Good thought Daniel.. yes I do but I've checked and the NAS MAC is
in the list.. not sure I'd be able to access it at all if it wasn't?
On 29/03/14 21:36, Daniel Robinson
wrote:
Just a thought... Do you use MAC filtering? Or CSM
On 29 Mar 2014 12:54, "Julian Hall" < linux@xxxxxxxxxxxx>
wrote:
On 29/03/14 10:23, Martijn Grooten wrote:
On Fri, Mar 28, 2014 at 11:22:12PM +0000, Julian Hall wrote:
What does /not/ work is the NAS being able to connect to
the
Internet to download or update any packages and I'm 90%
certain it's
a DNS problem as I had it previously when I had
accidentally put the
wrong DNS settings in.
Well, you can always check by trying to connect to an IP
address, such
as 173.194.34.160
(one of Google's IP addresses). If that works it's a
DNS issue, if it doesn't, could you run traceroute to that
same IP
address?
Not from the NAS unfortunately, at least not that I know of...

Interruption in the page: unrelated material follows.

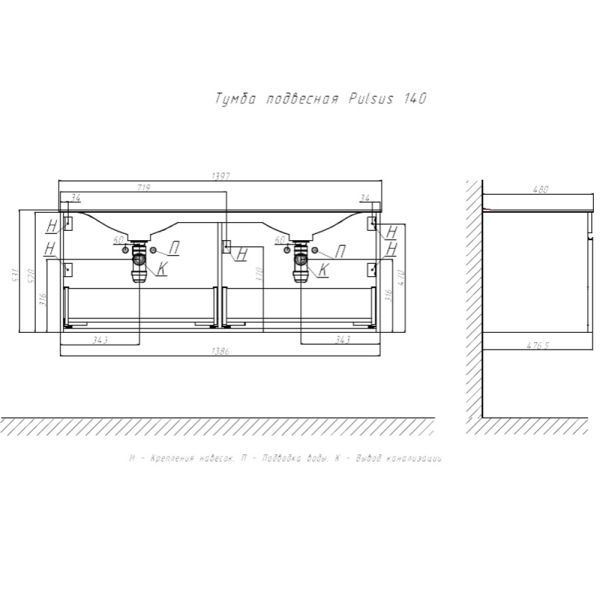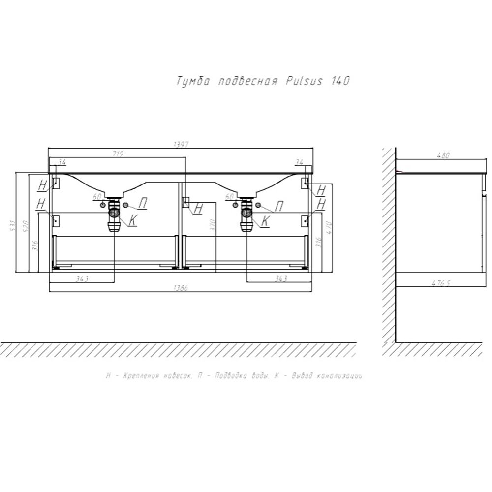 Тумба под раковину подвесная Velvex Pulsus tp.PUL.PUL.140.2Y дуб сонома, 140 см: 2 выдвижных ящика.

The current network setup is:
Router:
Gateway: 192.168.0.1
DHCP range 192.168.0.2/20
0.2-0.6 are assigned to specific MAC addresses.
NAS:
Gateway: 192.168.0.1
Prim DNS: 194.168.4.100
Sec DNS: 194.168.8.100
That seems fine to me. If you think it might be an issue
with these
particular DNS servers, you can always use Google's DNS
servers to check
(8.8.4.4 and 8.8.8.8).
However, are they the correct
DNS settings for the NAS as it now has the router sat
between it and
the modem?
I don't see why that should make a difference, as long as
the NAS can
reach those servers it sould be fine.
Martijn.
Thanks for the advice Martijn. I tried Google's DNS servers
and fetching new packages still hangs without connecting, so
it seems the NAS sees the network (obviously or it wouldn't
work at all) but can't see the Internet.